Spanish actor (1951–2019)

Eduardo Gómez Manzano (27 July 1951 – 28 July 2019) was a Spanish actor who was born in Madrid, Spain.

==Early life and career==
Gómez began acting late in life. In his early forties, he was accompanying a friend to a shooting. The production team persuaded him to say a few phrases to the camera. Andrés Pajares, a comedian and actor, saw him during the production and asked him whether he acted. Gómez answered that he was not an actor but if he paid him, he would act. Of the experience, Gómez has said, "The next day I went, he paid me and to this day! [...] What has happened to me doesn't happen to many people. I'm very happy."

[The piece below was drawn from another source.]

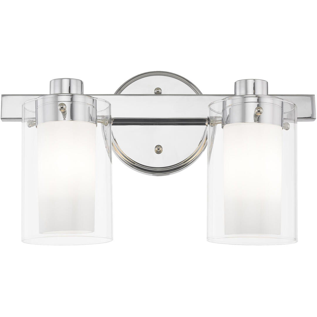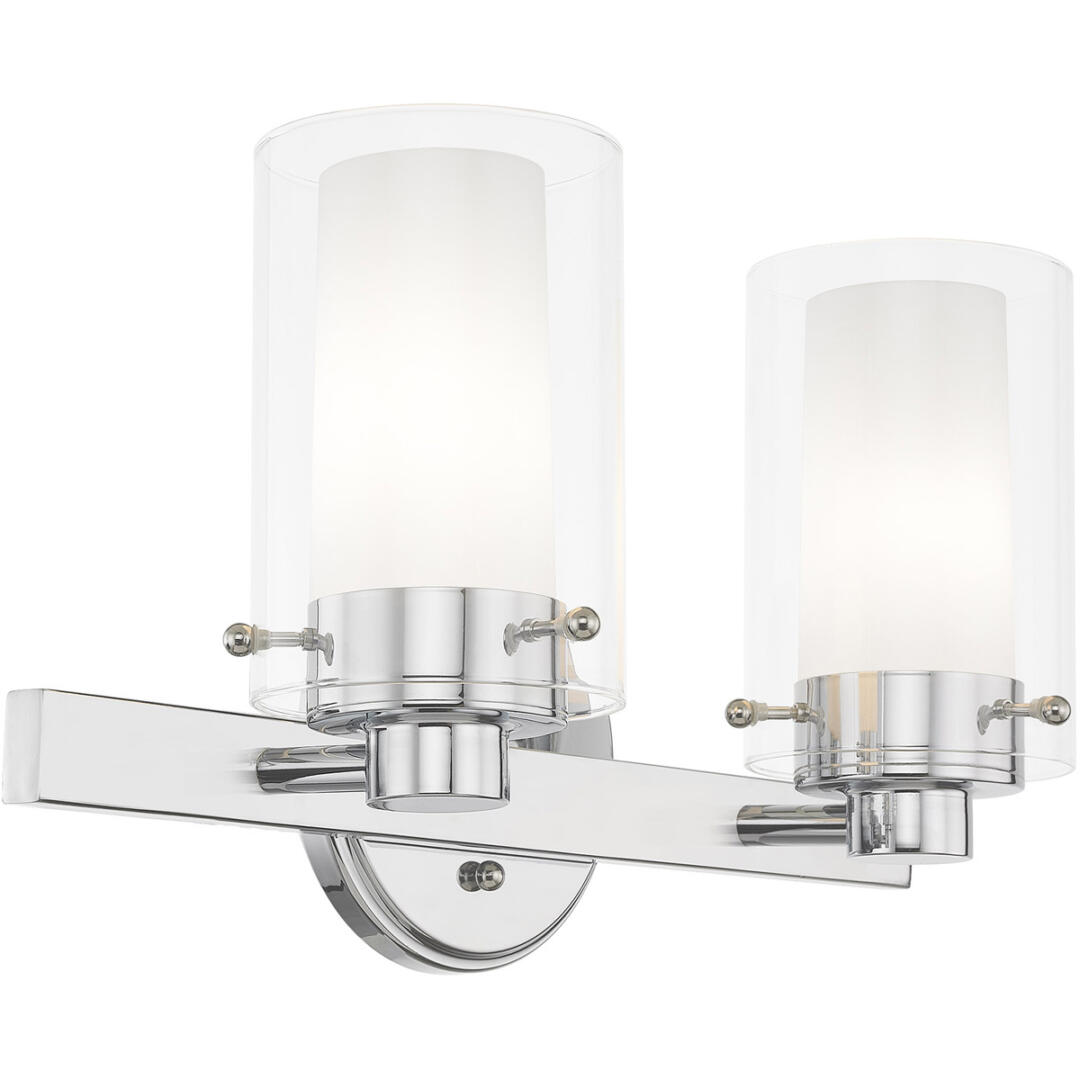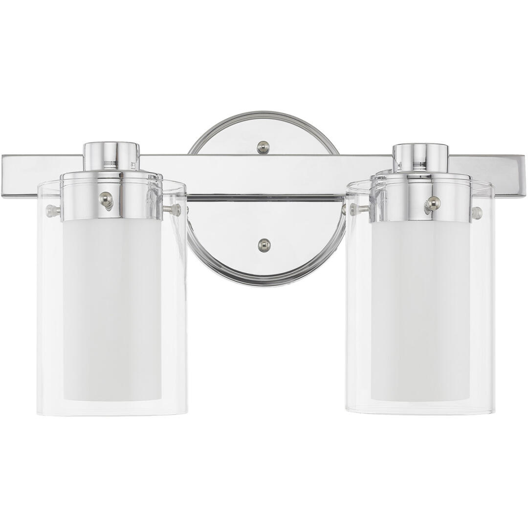 This transitional two light bathroom fixture will bring posh sophistication to your decor. The backplate and simple metal arms give this polished chrome finish a sleek, contemporary look. Opal etched glass surrounds each light, encased in clear glass cylinders for a stunning double-glass effect.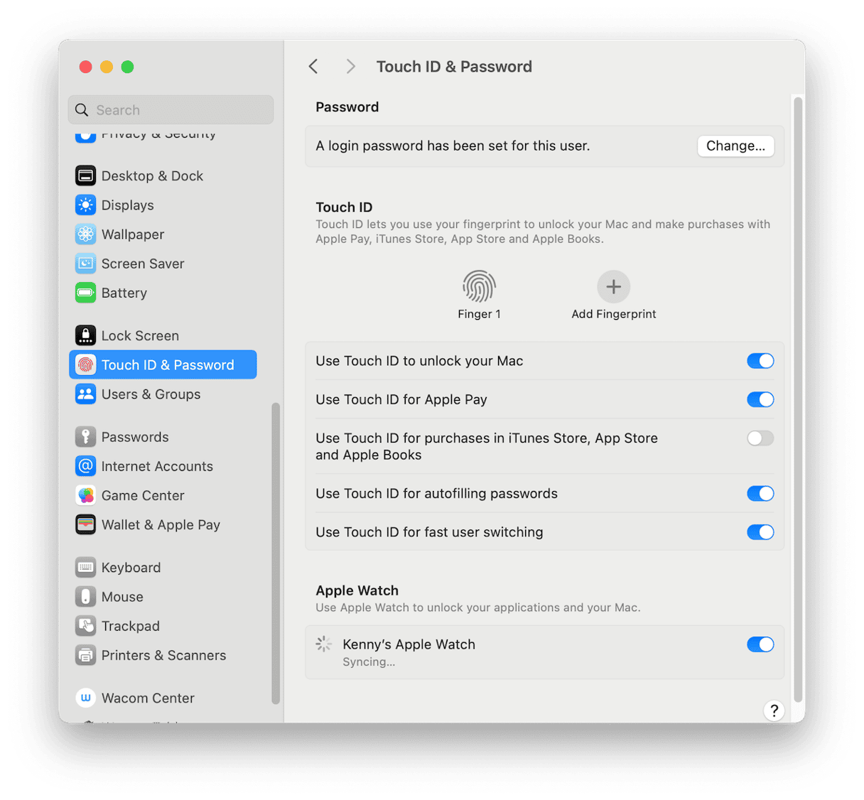 - 檢查您的 Mac 是否已設置為允許 Apple Watch 解鎖。打開系統設置並單擊 Touch ID 和密碼。 Apple Watch 下方的開關應設置為打開。

He went on to perform in small parts in Spanish television and cinema, including parts in the Goya Award-winning movies La comunidad and La lengua de las mariposas. He later appeared in a sequel of Santiago Segura's Torrente series, Torrente 3: El Protector. He also had a part in the movie version of the legendary Spanish comic strip Mortadelo y Filemón.

He was cast in the part of Emilio's father in the hit Spanish comedy Aquí no hay quien viva. Originally a small, recurring role, Gómez joined the regular cast after the first series and his character of Mariano is now widely recognized in Spain for which he won Best Actor on Unión de Actores y Actrices. He then played Maxi in La que se avecina from 2007 to 2013.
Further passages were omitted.